10月4日 北条泰時、時房は新しい御所の候補地を視察した。
12月20日 北条義時邸の南にあった仮御所から宇都宮辻子の将軍御所への移転が行われた。
12月21日 評定衆による初の評議が行われた。将軍御所西侍の勤番を復活させた(鎌倉番役)。

寛喜の大飢饉(1229年〜1232年)と火災

和暦 西暦 天皇/将軍/執権 日付 鎌倉の動向
寛喜2年 1230年 後堀河/泰時 7月16日 ほとんど冬のような気候となり霜が降ったという。
8月6日 晩になり洪水が起き、河辺の民家が流失して多くの溺死者を出した。

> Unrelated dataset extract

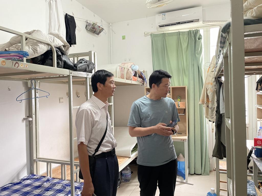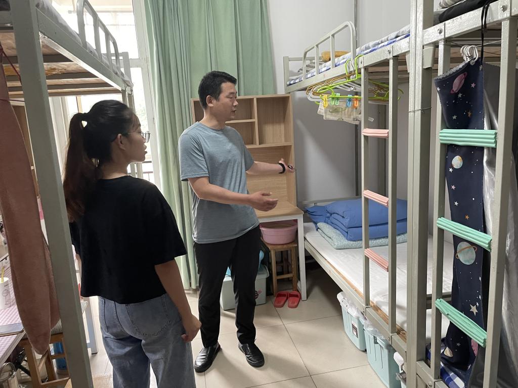 为保证暑期各项工作顺利开展,确保暑期学生宿舍的安全卫生情况。7月16日下午,脱裤吧 进行暑期宿舍安全卫生检查。马克思主义学部党委副书记张忠凯、脱裤吧 团委书记王元如、2020级辅导员耿晓敏、张文静走进园区,前往各级学生宿舍进行安全卫生检查、走访未离校学生。

古老が未だこのような例は見た事がないといったという。
8月8日 大雨大風。草木の葉は枯れ冬のような気候となり穀物は損亡した。
寛喜3年 1231年 後堀河/藤原頼経/泰時 1月14日 火災。大倉観音堂(杉本寺)の西から出火し二階堂大路の人家が焼失した。
2月11日 足利義氏邸が焼失。放火の疑いあり。
3月19日 世は飢饉となり、百姓の多くが餓死した。泰時は伊豆・駿河両国の出挙米を施し飢えを救うよう命じた。
10月25日 火災により公文所が焼失。火は東は勝長寿院の橋、西は永福寺総門の内門に及んだ。源頼朝、北条義時の法華堂は本尊とともに灰となり人畜の焼死は数えきれず。放火の疑いありという。

和賀江嶋開港

和暦 西暦 天皇/将軍/執権 日付 鎌倉の動向
貞永元年 1232年 後堀河/藤原頼経/泰時 7月12日 勧請上人往阿弥陀仏は材木座に港を築くことを幕府に申請。泰時は喜び和賀江嶋の築港に協力することになった。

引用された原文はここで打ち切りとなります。